Hoe probeert u zo’n blijvende gedragsverandering te bereiken?
“Het is complex en zeker niet eenvoudig. Kort gezegd zijn hiervoor de juiste capaciteit, mogelijkheden en motivatie nodig. Je moet bijvoorbeeld begrijpen waarom het belangrijk is om je gezondheidsgedrag aan te passen. Maar je moet de ook positieve gevolgen van het aangepaste gedrag ervaren en het kunnen inpassen in je dagelijks leven. Steun vanuit familie of vrienden of op het juiste moment of een compliment van een zorgprofessional kan hierbij bijvoorbeeld ook helpen. Technologie is daarbij een handig hulpmiddel. Maar ‘one size fits all’ werkt niet, een app moet wel aangepast zijn aan de persoonlijke situatie, gezondheidsgedrag en vaardigheden van de patiënt.”
Wat voor technologie hebben jullie dan al ontwikkeld hiervoor?
“We onderzoeken nieuwe vormen van therapie met ‘blended care’; de face-to-face behandeling wordt daarbij ondersteund met een app bestaande uit beweeg-, oefen- en zelfmanagementmodules. We hebben bijvoorbeeld de e-Exercise behandeling ontwikkeld voor mensen met lage rugpijn. Hierbij maken we gebruik van een tool ontwikkeld in Engeland om beter te screenen wie alleen zelfmanagementinformatie en advies nodig heeft en wie vanwege een minder gunstige prognose ook face-to-face begeleiding door de fysiotherapeut nodig heeft.”
En wordt deze app al veel gebruikt?
“Implementatie is nog best ingewikkeld. Voor de therapeut is het een drempel om een app te integreren in zijn behandeling. Het is een andere manier van werken en onbekend maakt in eerste instantie vaak onbemind. Ook omdat het geld kost. Vaak blijkt dat je met ‘blended care’ minder zittingen nodig hebt. Zo bleek bijvoorbeeld uit onderzoek van Corelien Kloek bij mensen met artrose dat een blended behandeling met slecht 5 face-to face afspraken een vergelijkbaar effect heeft als reguliere zorg waarbij mensen gemiddeld 12 behandelingen krijgen. Voor de mensen met artrose en vanuit maatschappelijk oogpunt een mooi resultaat, maar voor de praktijkvoering van de fysiotherapeut (die per zitting betaald wordt) is het niet gunstig. Productfinanciering zou in dit geval beter zijn, waaraan door verschillende partijen ook gewerkt wordt.

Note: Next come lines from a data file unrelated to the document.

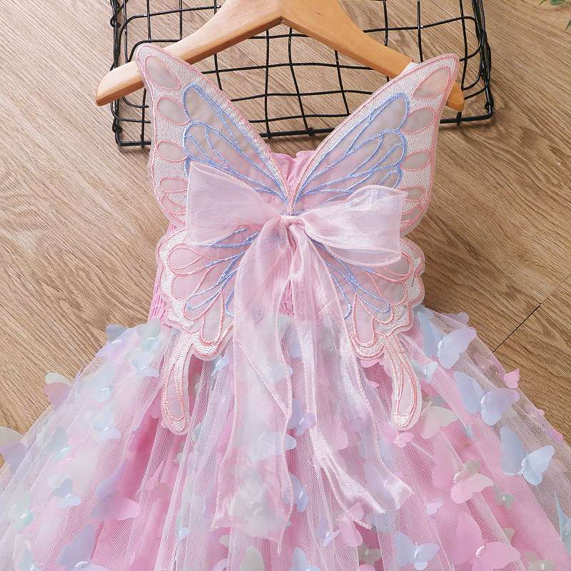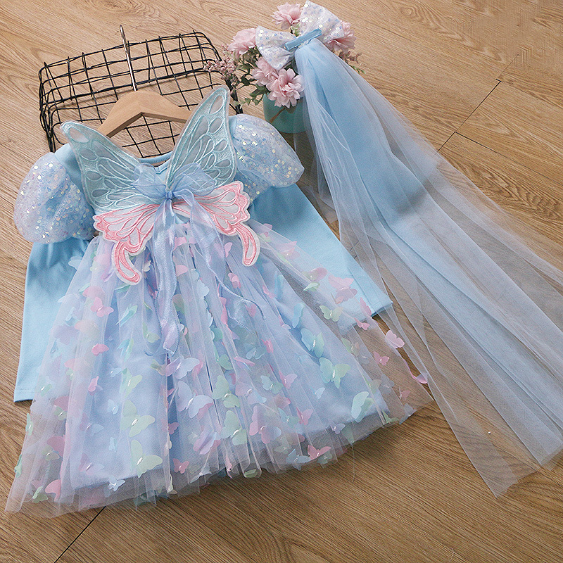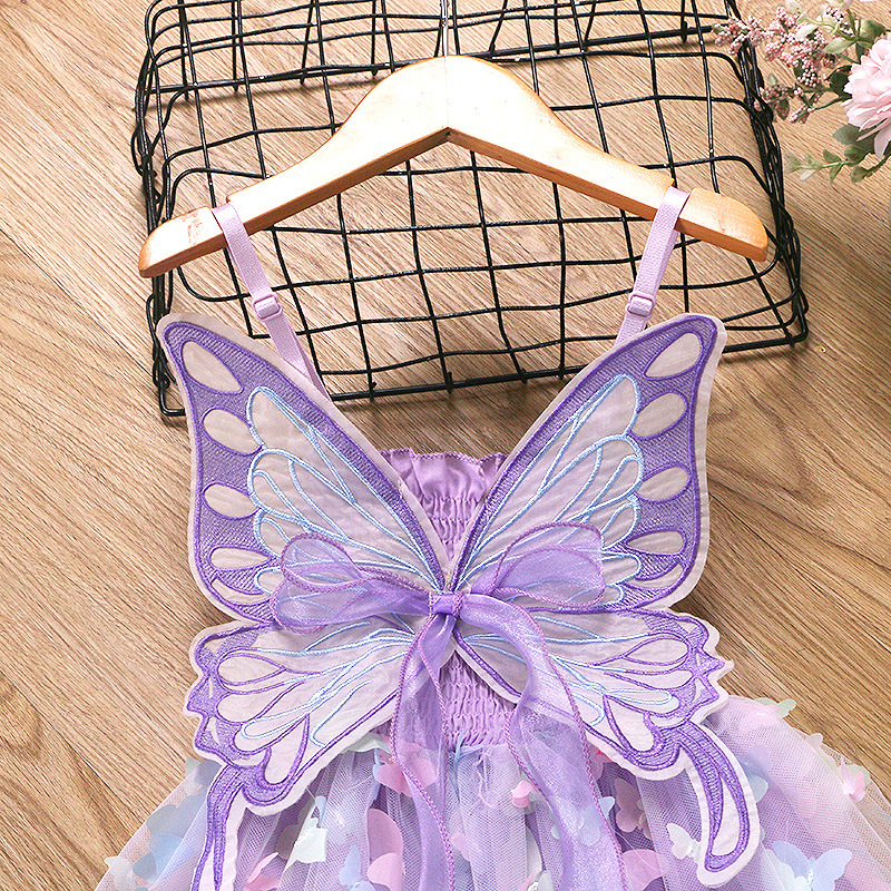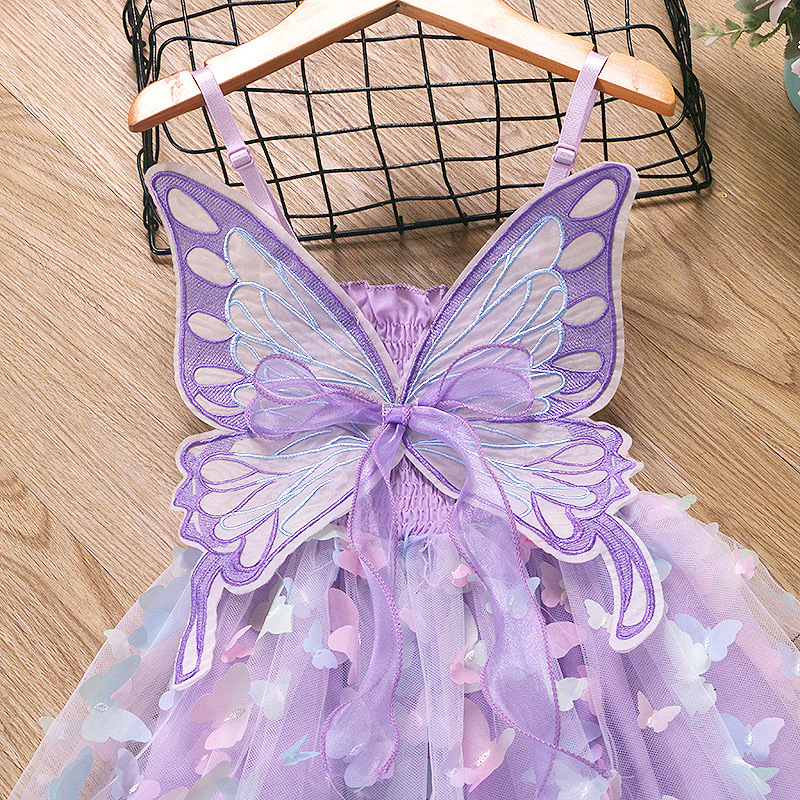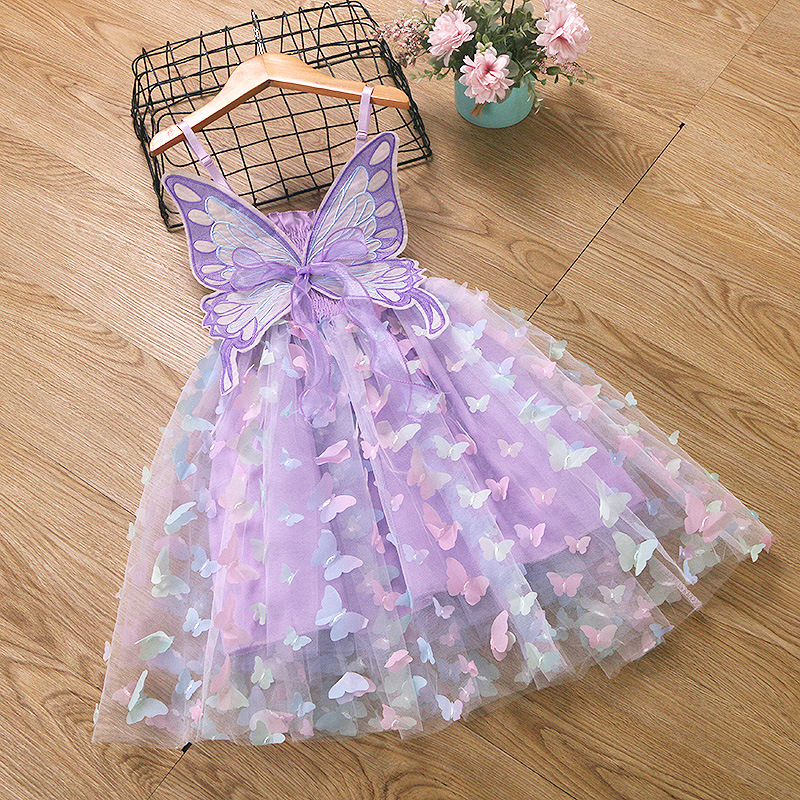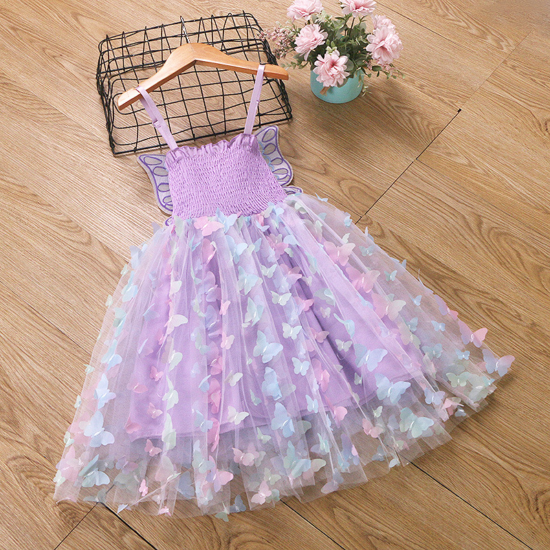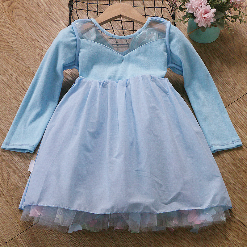 귀여운 크로스보더 순면 어린이 스커트, 나비 스트랩 망사 스커트, 여자아이 드레스, 컬러풀한 조명, 얼음과 눈의 공주 드레스스토어 가기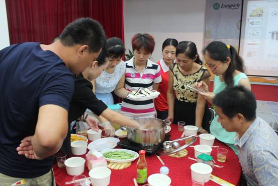 好水要配好鍋,才能煮出一鍋健康營養(yǎng)的美食。接著由隆力奇福建分公司的高級經(jīng)銷商,也是本次鍋宴的主廚,陳密老師向所有來賓講解了隆力奇和合康能鍋的12大功能,陳密老師用生動的語言介紹了康能鍋的神奇功能以及原理,并帶領(lǐng)所有家人一起動手做一道康能鍋大雜燴美食――無水海鮮火鍋。所有家人一起戴上一次性手套,把肉、南瓜、魚、黃瓜等十多種食材一層一層的鋪在康能鍋里,只要蓋上鍋蓋,不用蔥姜料酒,不僅可以把美食煮熟,而且互不串味。所有來賓也現(xiàn)場體驗了一把做大廚的感覺,許多新朋友紛紛沖上舞臺分享,表示對這種簡單健康的廚藝方式特別好奇,非常急切的想知道神奇的和合康能鍋煮出來的健康美食。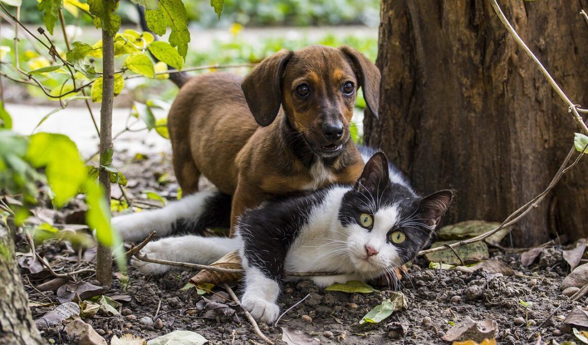 Setting clear routines can help dogs and cats acclimate to one another. Animals thrive on predictability, so maintain consistent schedules for feeding, walks, and playtime. These routines help alleviate anxiety during transitions. When establishing your routine, ensure that time is evenly divided between both pets, so neither feels neglected. Gradual inclusion of the new pet into existing routines reinforces their place within the family structure. Additionally, rotating sleeping locations can assist in familiarizing them with each other’s scents without direct exposure. Moreover, designate separate feeding areas to prevent food-related conflicts. Cats often feel vulnerable while eating, and dogs may become possessive over food. Speaking of meals, introducing both pets simultaneously, yet in different areas, creates a relaxed atmosphere. Interactive toys can also serve as a distraction, keeping both animals occupied during tense situations. Training techniques can further nurture their bond. Teach them commands like “sit” or “stay” to redirect their focus towards positive reinforcement. By creating a structured environment, both pets will learn to coexist peacefully possible over time.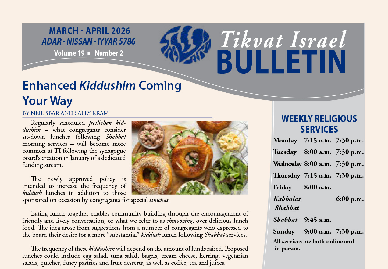 If you’re looking for a warm and welcoming synagogue community that values friendship, Jewish learning and mitzvot, we invite you to learn more about the many benefits of membership at Tikvat Israel.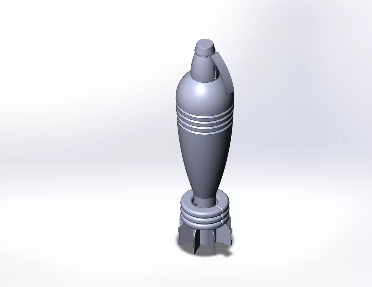 The stabilizer provides in-flight stability. It consists of a tube with fins welded to it. The primary charge is inserted into the stabilizer tube, and the additional charges are fitted externally. The stabilizer tube has holes for venting propellant gases from the primary charge and for igniting the additional increments.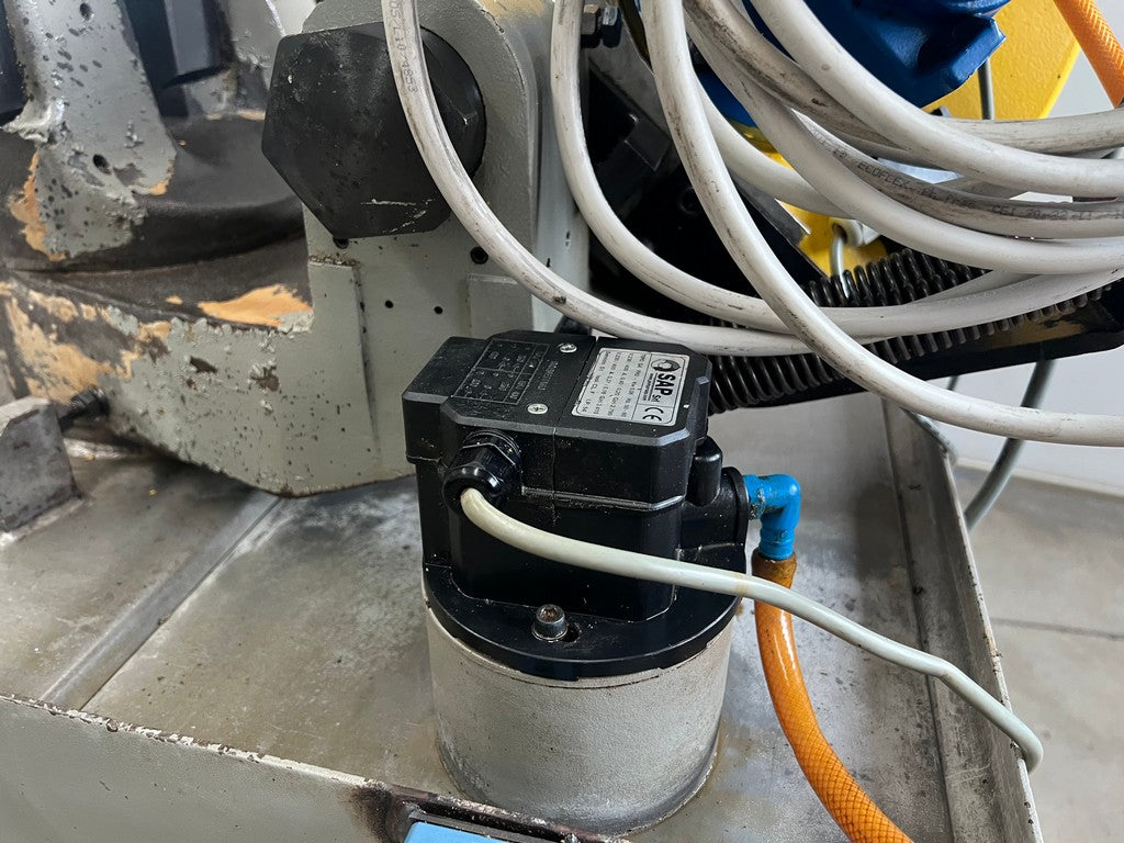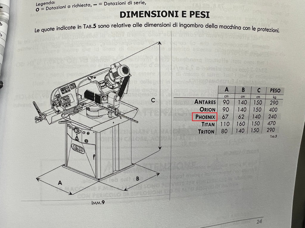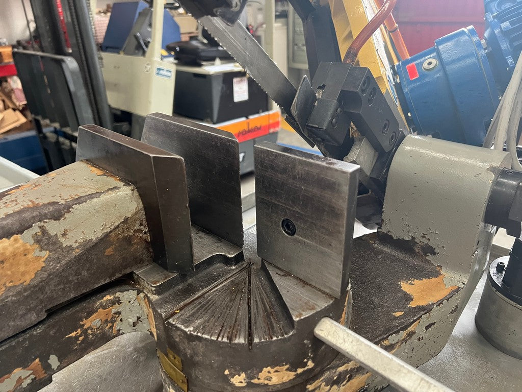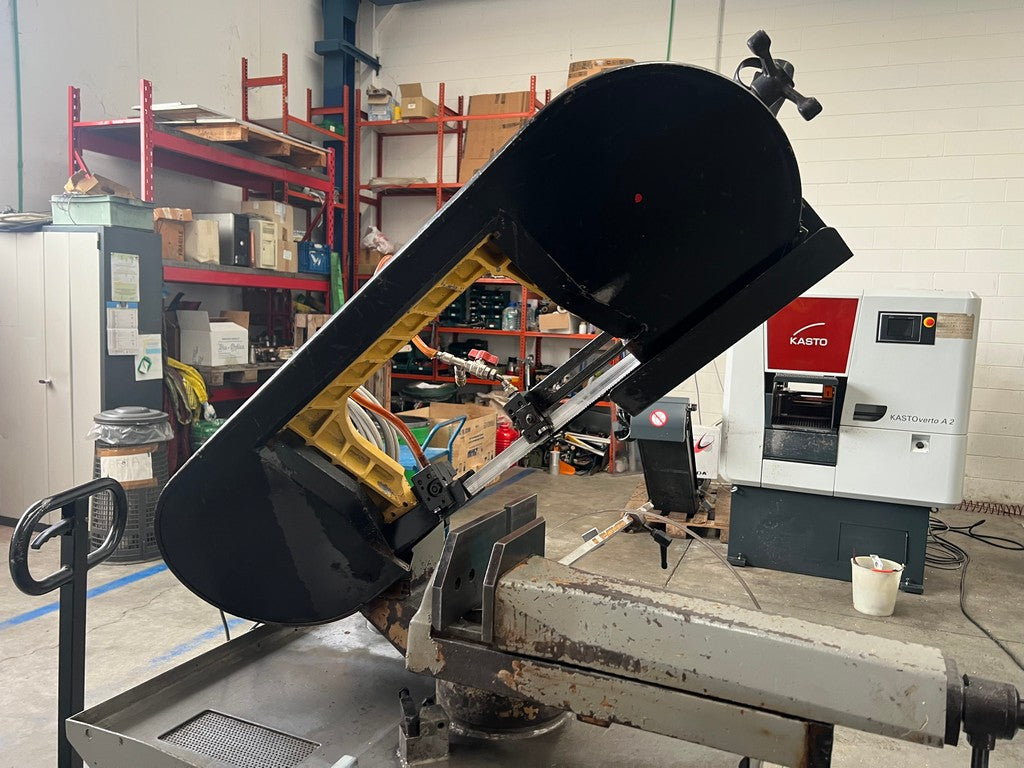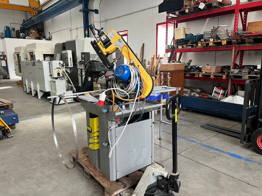 La segatrice a nastro FMB PHOENIX usata è una segatrice manuale a discesa manuale di costruzione Italiana dotata di una solida morsa in ghisa con avvicinamento manuale e bloccaggio rapido del pezzo a leva, rotazione arco con fermi di battuta a 0°, 45° e 60°, max dimensioni di taglio tondo 220mm, piatto 130×250 o 215x230mm.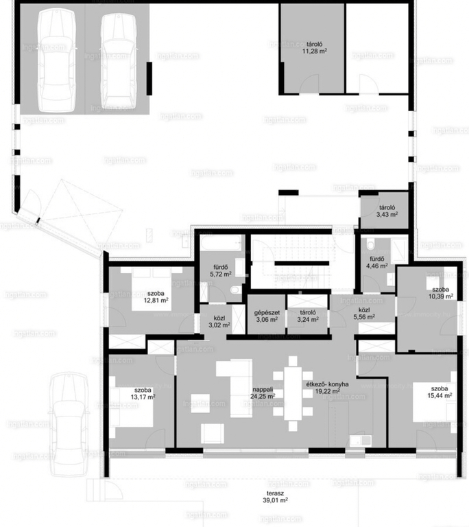 Kültéren 1 db, a teremgarázsban 2 db beállóhely, valamint 1 db 11 m2-es és 1 db 3 m2-es tároló tartozik a lakáshoz, melyeket együttesen 30.000.000 Ft-ért lehet megvásárolni.
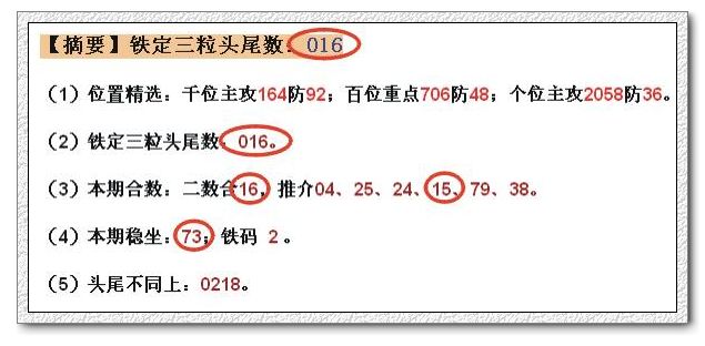 (1)位置精选:千位主攻624防09;百位重点738防45;个位主攻3857防46。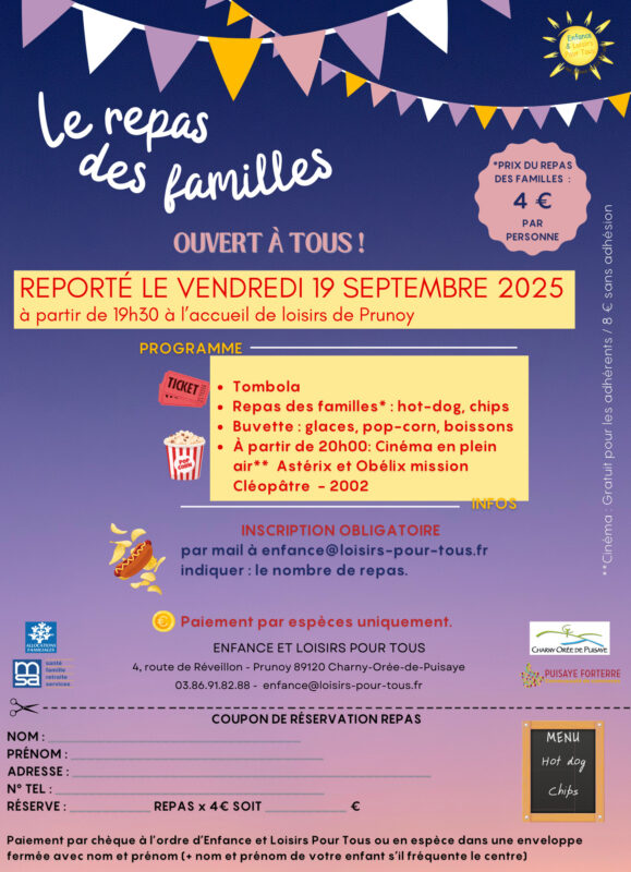 Repas à réserver par mail à enfance@loisirs-pour-tous.fr (indiquer le nombre de repas).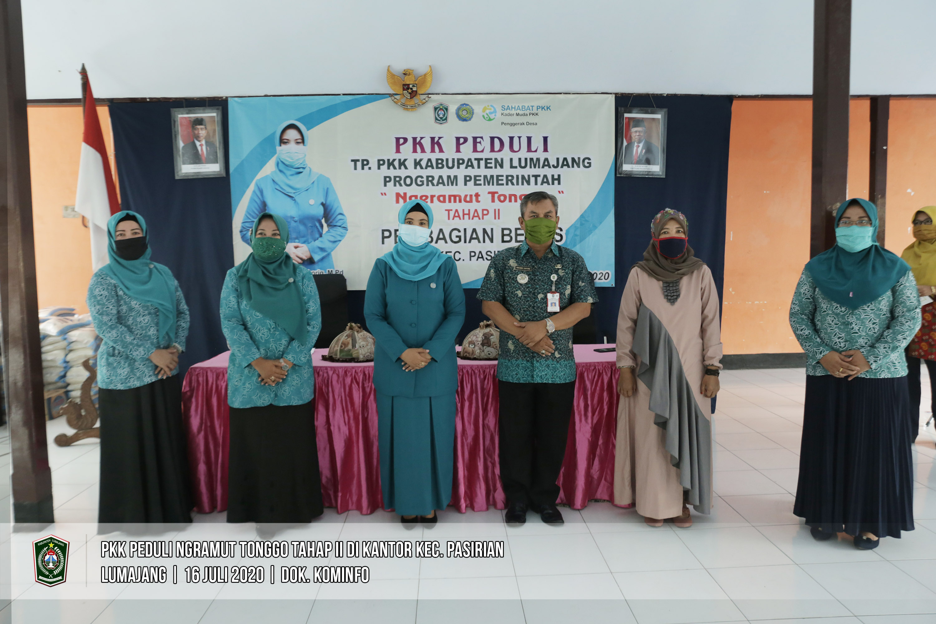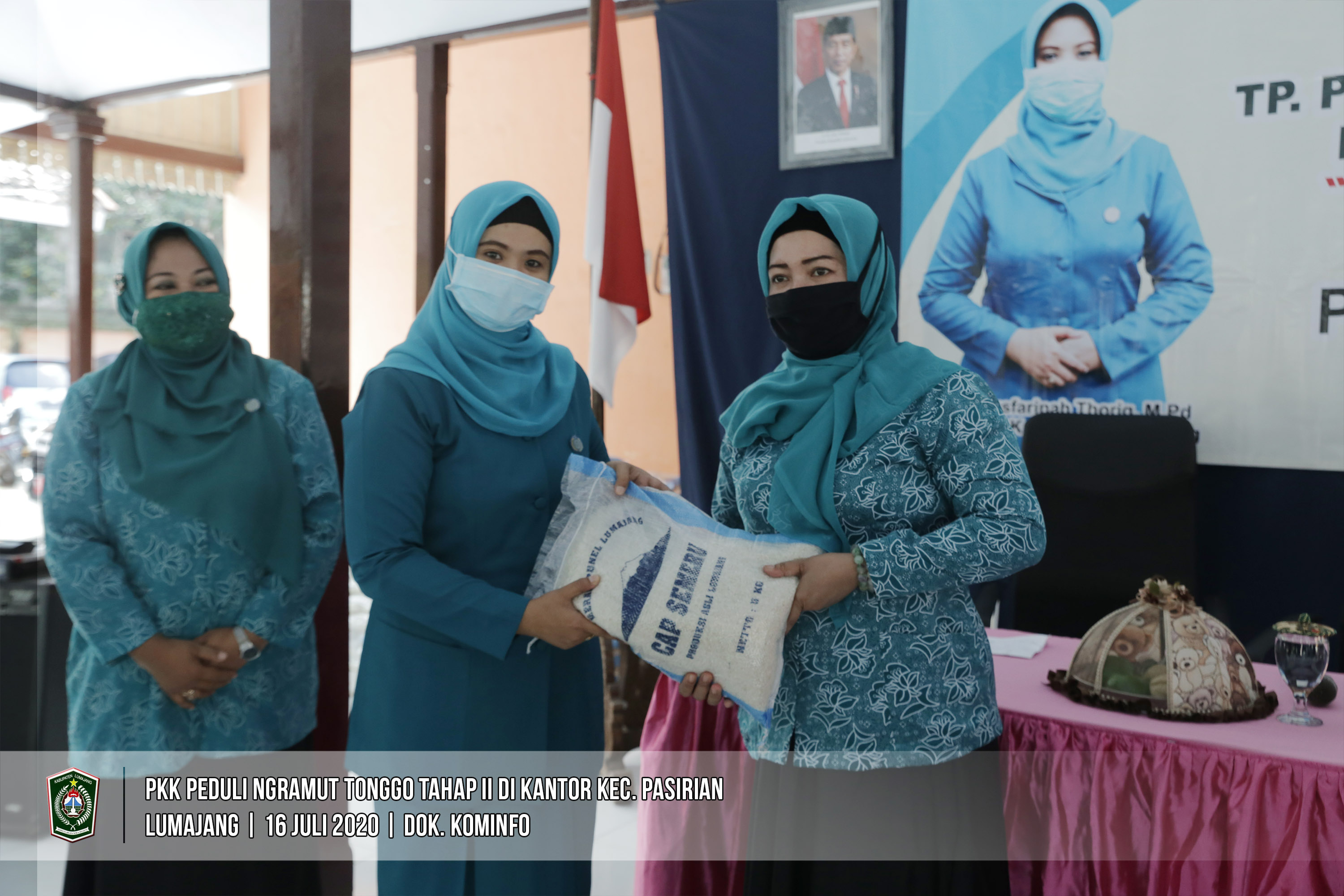 Medukung upaya Pemerintah Kabupaten Lumajang dalam pemenuhan dasar masyarakat kurang mampu dalam masa pandemi Covid-19, melalui program PKK Peduli, TP-PKK Kabupaten Lumajang bekerjasama dengan Dinas Sosial Kabupaten Lumajang menyerahkan sejumlah bantuan beras kepada masyarakat di Kecamatan Pasirian. Secara simbolis, bantuan tersebut diserahkan di Pendopo Kecamatan Pasirian, Kamis (16/7/2020).

Waar moet een goede app aan voldoen?
“Een app wordt het makkelijkst geaccepteerd als hij heel goed werkt en aansluit bij de behoeftes van de eindgebruikers. We gebruiken hier in de praktijk bijvoorbeeld Physitrack, een app voor de patiënt met een digitaal oefenprogramma. Dat zit zo goed in elkaar dat gebruikers, zowel fysiotherapeut als patiënt, snel de meerwaarde zien. Maar als bij dergelijke technologische toepassingen er maar een paar hick-ups zijn, of iets net niet helemaal handig is, dan haken mensen snel af. Het is daarom heel belangrijk dat innovaties al tijdens de ontwikkeling heel goed getest worden en de eindgebruikers meedenken in de ontwikkeling.”
“Ik vind wel dat nieuwe technologie veel strenger gekeurd zou moeten worden. Een CE-keurmerk is echt niet genoeg. Wij hebben hier bijvoorbeeld verschillende systemen getest die bij een beenbreuk aangeven hoeveel je mag belasten en feedback geven tijdens het lopen. Sommige systemen zijn zo onnauwkeurig dat je niet snapt dat ze gewoon te koop zijn. Bijna gevaarlijk voor de patiënt. Andere systemen werken juist heel erg goed.”
Wat vindt u verder veelbelovende technologie?
“Ik verwacht dat we met allerlei wearables steeds meer dingen in kaart gaan brengen, denk bijvoorbeeld aan een glucosemeter. Op die manier kunnen medici precies op het juiste moment ingrijpen of advies geven. Ik denk ook dat we steeds meer dingen aan elkaar gaan knopen. Maar ik ben ook wel een realist. Bij veel technologie denk ik: kansrijk, maar we zijn er nog lang niet.”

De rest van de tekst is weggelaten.